Via Lady Fogwoman, comes this inspired bit of lunacy. Sadly, for Miss Prism and all who have sought this form of protection over the decades--it's simply not true. Hats made from any form of aluminum foil will not protect the brain from alien mind control rays; in point of clear fact, the hats will enhance the rays, making it easier for the aliens to mind-control larger populations.

I'm dreadfully sorry, Miss Prism. Maybe now you can invest in something nicer, perhaps with a few flowers, a bird's wing in blue or cream, and a trailing strand of beads. I sincerely doubt aliens can get through a finely ornamented chapeau.

Comments

Rhianon Jameson said…
Whoever hires the lawyers who work down the hall from me apparently give added weight if a candidate has the name "Katherine" or some variant thereof, because at least five (of perhaps 30 people, not all of whom are women) have that name. Go figure.

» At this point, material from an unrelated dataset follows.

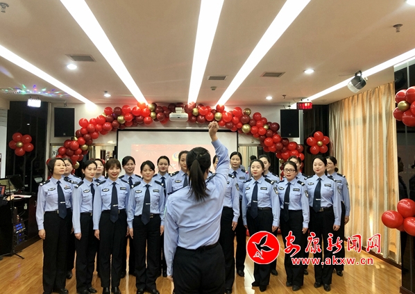 活動在雄壯有力的大合唱《人民警察之歌》中拉開序幕,詩朗誦《新年,你好!》,用詩行傳遞濃濃的節(jié)日祝福;女生小合唱《年輕的朋友來相會》,輕快的旋律,甜美的歌聲,瞬間把大家又拉回了那些青蔥歲月;崔銳利副局長一首《把根留住》獨(dú)唱,聲情并茂,把活動推向高潮;王鵬支隊長書法表演《納福迎新》,筆勢雄奇,姿態(tài)橫生,讓從警的初心從道路向筆尖延伸,即興吹奏《蘆笙戀歌》,蘆笙悠揚(yáng),宛如天籟,令人陶醉;舞蹈《舞有規(guī)行有矩》,將遵規(guī)守法融入舞蹈表演;獨(dú)唱《拉著中華媽媽的手》,婉聲悅耳,情真意切,祝愿祖國母親明天更美好;小合唱《走進(jìn)新時代》,老歌新唱,踏著新時代的東風(fēng)我們整裝再出發(fā);最后,活動在大合唱《我和我的祖國》中落下帷幕。

I've resisted for some time the urge to distinguishone of them from the rest by calling her "Ann," as she could pass for a young Ann Coulter. Sometimes my instinct for self-preservation kicks in in time to do some good.
Astolat Dufaux said…
Y Kant Tori Read! Your use of lyrics for post titles always makes me smile, especially when I recognize them without looking them up. :)
Emilly Orr said…
Miss Jameson,

Depending on her politics, it might not be an insult. :)
Emilly Orr said…
Miss Dufaux,

Okay, that made me laugh. I still have two friends who we occasionally drag, kicking and screaming, over to listen to the latest from Tori, because their first exposure to her was off of Y Kant Tori Read. They decided then and there that she was a rotten musician and a lousy lyricist.

They are frequently disgruntled when they like the stuph she put together on her own, not pushed into recording by her record label.
Trying ... very hard ... not to click ... link to Cthulhu Sex ...

Ye gads ... RUN AWAY! RUN AWAY!!!!
Emilly Orr said…
I know! I didn't even know that magazine existed!

Well, apparently, it doesn't anymore, but still. The point stands.